By turning a blind eye to the coat-dragging and provocative behaviour of loyalist bandsmen, the Parades Commission may have thought it was opting for the lesser of two evils. Better to have a parade proceed in peace past nationalist homes than for the PSNI to enforce the letter of the law.

The reality is, however, that the loyalist credo is to take a mile when a yard is proffered.

Thus, rather than trying to seek dialogue with their nationalist neighbours, the Orange Order who have breached the Parades Commission rules return to their annual stomping ground each year with an even more belligerent attitude.
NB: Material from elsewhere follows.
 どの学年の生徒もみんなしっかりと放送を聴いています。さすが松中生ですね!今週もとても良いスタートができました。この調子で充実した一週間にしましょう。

There was no contrition from loyalists for the decision to allow a sectarian serial killer to lead the Billy Boys along the Springfield Road last year. Instead, the bandsmen had the audacity, once again, to refuse to speak to the long-suffering nationalists of the Springfield Road... as if they had committed some unspeakable offence.
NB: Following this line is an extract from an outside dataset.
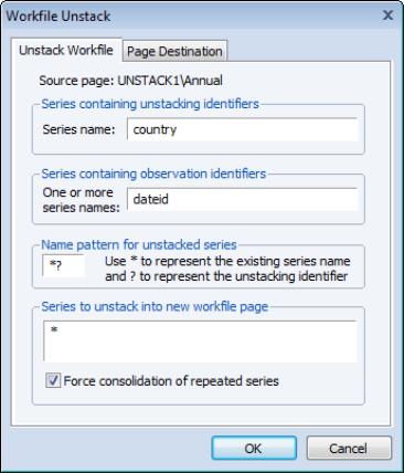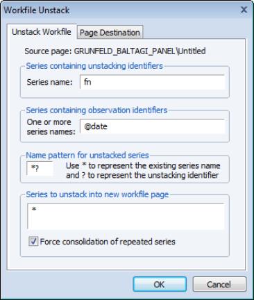 By default, EViews will unstack the data in a new UNTITLED page in the existing workfile. You may provide an alternative destination by clicking on the tab in the dialog, and entering the desired destination.

It was high time for the Parades Commission to adopt the same stance at Springfield which it has adopted at Garvaghy. Orangemen who won't speak to their neighbours don't deserve to be allowed to hem them into their homes in the name of Ulster culture.

Ian Paisley and David Trimble have announced that they are making the Orange right to march past Catholic homes on the Springfield Road their number one priority as the Twelfth approaches. May we respectfully suggest that, to use an Ulsterism, they catch themselves on.

All eyes on Lisburn City Council
All eyes will be on Lisburn City Council today as it holds it AGM.
If Tuesday’s monthy meeting is anything to go by then we can expect a heated exchange if – as expected – unionists carve up the Mayor and deputy Mayor posts as well as the chairs of committees between them. This is what happened during last year’s AGM. Since then the controversial AGM has been raised at both the Dail and Westminister and with their two MEPs Sinn Féin have promised to raise the Council’s ‘equality’ practices in Europe.

A representative of the Irish government will also be in attendance today to monitor what passes for Council business in the last Council in the North which is refusing to work the D’Hondt system, whereby posts are handed out in relation to proportionality.

Besides the Irish government official, former Lord Mayor of Belfast, Alex Maskey, will also be in the public gallery. During his term in office two years ago the South Belfast MLA opened the Mayor’s Parlour to all communities and was seen as someone who extended the hand of friendship to groups and individuals from throughout the city. This is something that Lisburn City Council should learn from.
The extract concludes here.